# [How to complete this task]
Leave out the pictures, and write out exactly the lines from the beginning of the material to the line holding "旺度和紧邻其西边的产区吉贡达", that line included, and nothing else.
**** Data ****
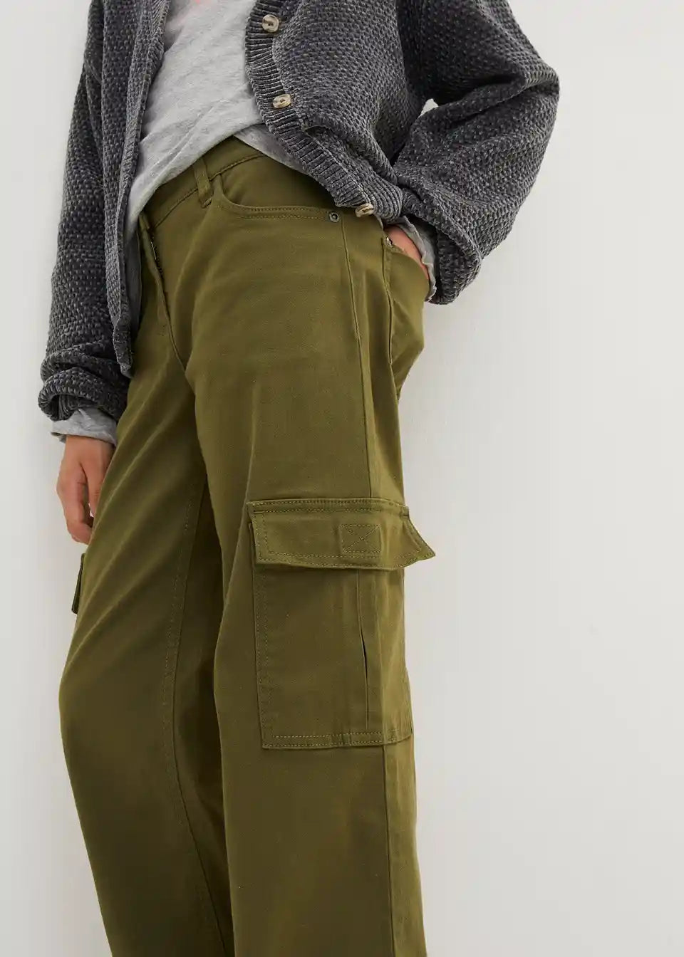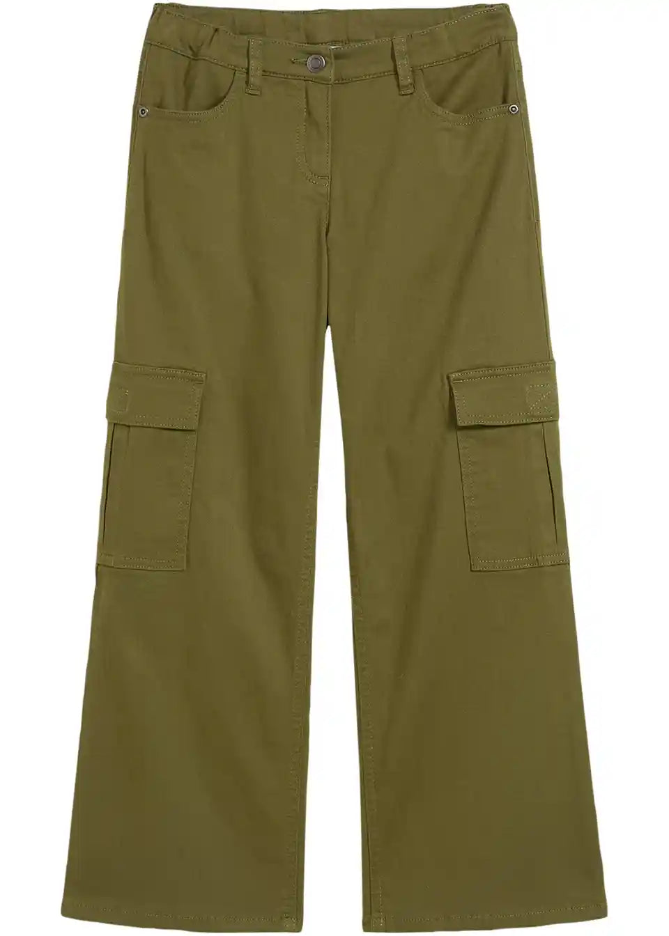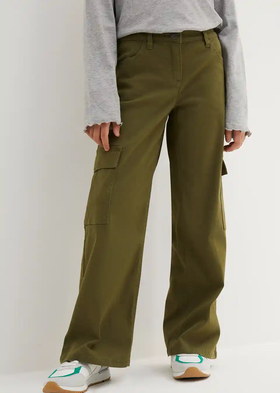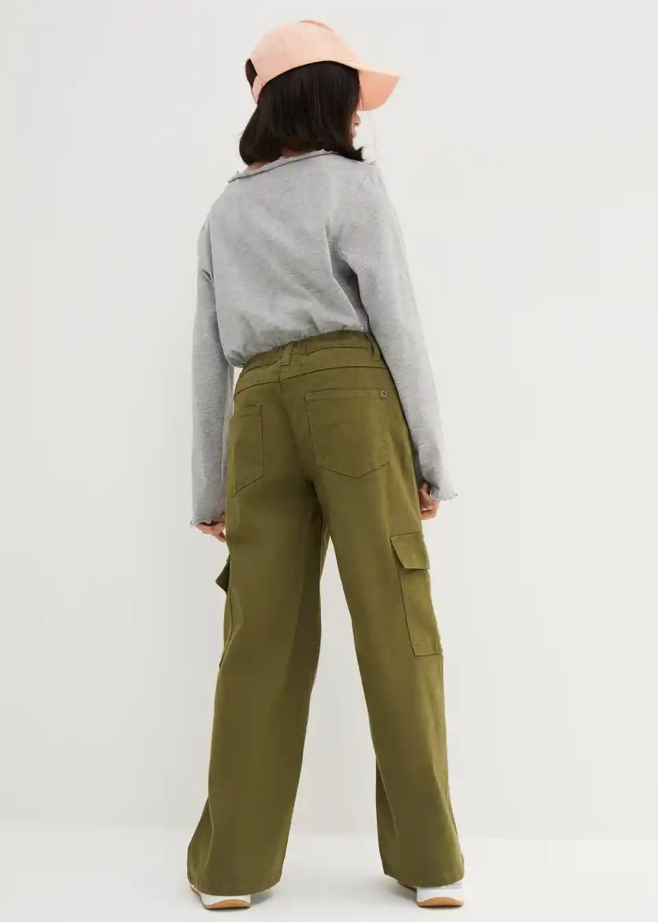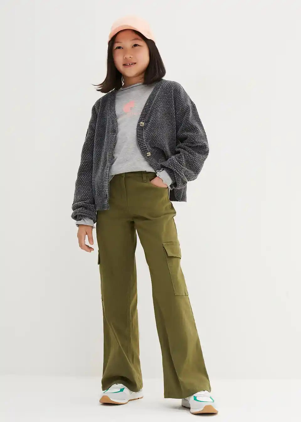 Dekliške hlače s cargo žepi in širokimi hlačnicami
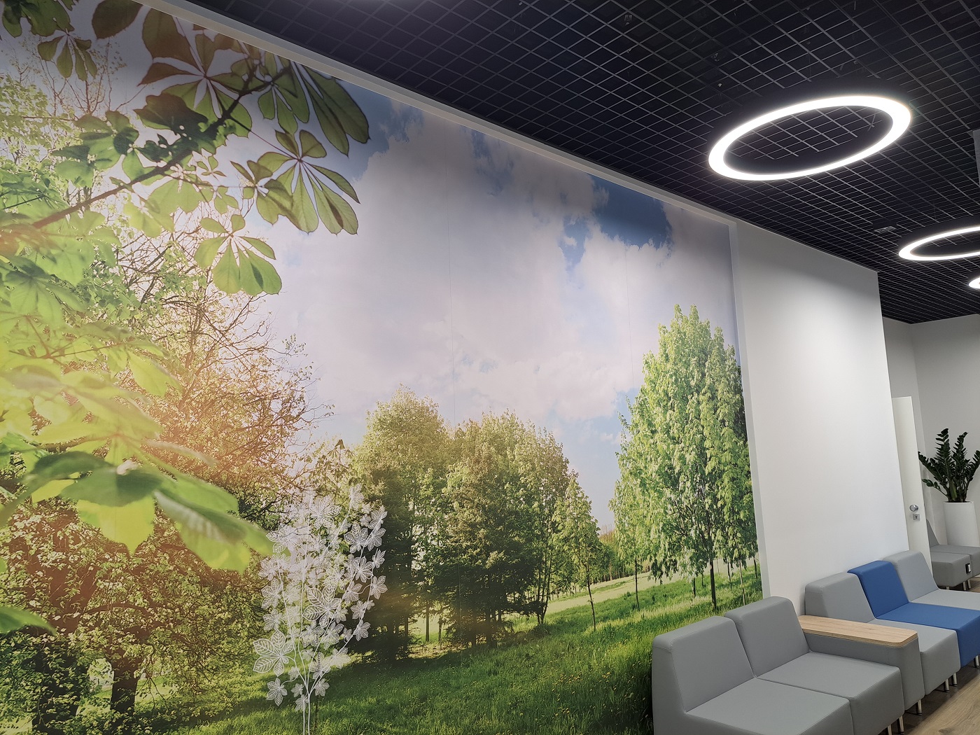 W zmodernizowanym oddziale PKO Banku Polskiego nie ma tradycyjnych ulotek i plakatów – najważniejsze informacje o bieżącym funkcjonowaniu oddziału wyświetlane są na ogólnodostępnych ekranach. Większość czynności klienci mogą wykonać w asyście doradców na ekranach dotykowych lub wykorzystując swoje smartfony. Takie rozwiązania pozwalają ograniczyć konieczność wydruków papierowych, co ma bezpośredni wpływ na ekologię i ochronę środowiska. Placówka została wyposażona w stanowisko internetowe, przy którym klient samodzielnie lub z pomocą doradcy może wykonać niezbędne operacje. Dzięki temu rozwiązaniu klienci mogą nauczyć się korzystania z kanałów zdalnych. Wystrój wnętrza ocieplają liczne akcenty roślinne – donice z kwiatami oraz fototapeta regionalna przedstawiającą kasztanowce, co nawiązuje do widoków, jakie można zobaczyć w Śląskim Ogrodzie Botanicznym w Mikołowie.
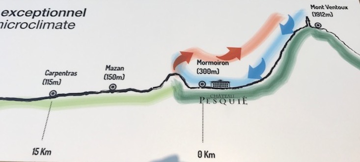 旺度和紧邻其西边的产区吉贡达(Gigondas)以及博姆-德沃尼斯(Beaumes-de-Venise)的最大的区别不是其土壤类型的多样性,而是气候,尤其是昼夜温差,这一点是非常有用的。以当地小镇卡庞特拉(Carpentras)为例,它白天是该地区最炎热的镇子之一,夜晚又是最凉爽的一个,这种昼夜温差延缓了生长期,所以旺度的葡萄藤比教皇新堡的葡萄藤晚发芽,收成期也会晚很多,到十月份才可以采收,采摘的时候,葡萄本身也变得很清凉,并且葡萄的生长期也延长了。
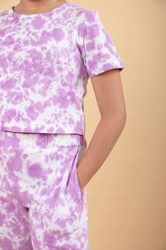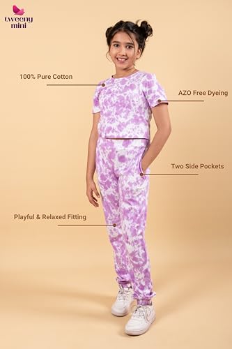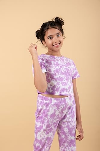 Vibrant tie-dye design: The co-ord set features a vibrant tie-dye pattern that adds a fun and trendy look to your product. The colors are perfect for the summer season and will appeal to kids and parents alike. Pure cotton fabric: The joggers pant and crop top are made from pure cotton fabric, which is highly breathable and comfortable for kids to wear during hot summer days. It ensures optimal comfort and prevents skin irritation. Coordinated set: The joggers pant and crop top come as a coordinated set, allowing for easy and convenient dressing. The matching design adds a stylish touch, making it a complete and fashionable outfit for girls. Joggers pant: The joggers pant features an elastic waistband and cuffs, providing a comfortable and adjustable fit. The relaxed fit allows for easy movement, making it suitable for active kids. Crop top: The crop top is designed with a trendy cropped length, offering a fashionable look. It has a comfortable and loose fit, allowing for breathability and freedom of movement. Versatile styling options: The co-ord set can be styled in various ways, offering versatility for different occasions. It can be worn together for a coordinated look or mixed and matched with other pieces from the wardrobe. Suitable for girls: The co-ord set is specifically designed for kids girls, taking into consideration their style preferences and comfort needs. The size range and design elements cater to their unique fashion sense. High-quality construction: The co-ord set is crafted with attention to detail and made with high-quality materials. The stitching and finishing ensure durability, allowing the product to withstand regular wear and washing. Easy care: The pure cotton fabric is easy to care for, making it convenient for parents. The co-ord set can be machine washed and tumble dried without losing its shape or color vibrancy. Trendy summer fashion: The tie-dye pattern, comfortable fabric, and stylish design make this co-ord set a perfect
****
# [Answer below]
 Dekliške hlače s cargo žepi in širokimi hlačnicami
 W zmodernizowanym oddziale PKO Banku Polskiego nie ma tradycyjnych ulotek i plakatów – najważniejsze informacje o bieżącym funkcjonowaniu oddziału wyświetlane są na ogólnodostępnych ekranach. Większość czynności klienci mogą wykonać w asyście doradców na ekranach dotykowych lub wykorzystując swoje smartfony. Takie rozwiązania pozwalają ograniczyć konieczność wydruków papierowych, co ma bezpośredni wpływ na ekologię i ochronę środowiska. Placówka została wyposażona w stanowisko internetowe, przy którym klient samodzielnie lub z pomocą doradcy może wykonać niezbędne operacje. Dzięki temu rozwiązaniu klienci mogą nauczyć się korzystania z kanałów zdalnych. Wystrój wnętrza ocieplają liczne akcenty roślinne – donice z kwiatami oraz fototapeta regionalna przedstawiającą kasztanowce, co nawiązuje do widoków, jakie można zobaczyć w Śląskim Ogrodzie Botanicznym w Mikołowie.
 旺度和紧邻其西边的产区吉贡达(Gigondas)以及博姆-德沃尼斯(Beaumes-de-Venise)的最大的区别不是其土壤类型的多样性,而是气候,尤其是昼夜温差,这一点是非常有用的。以当地小镇卡庞特拉(Carpentras)为例,它白天是该地区最炎热的镇子之一,夜晚又是最凉爽的一个,这种昼夜温差延缓了生长期,所以旺度的葡萄藤比教皇新堡的葡萄藤晚发芽,收成期也会晚很多,到十月份才可以采收,采摘的时候,葡萄本身也变得很清凉,并且葡萄的生长期也延长了。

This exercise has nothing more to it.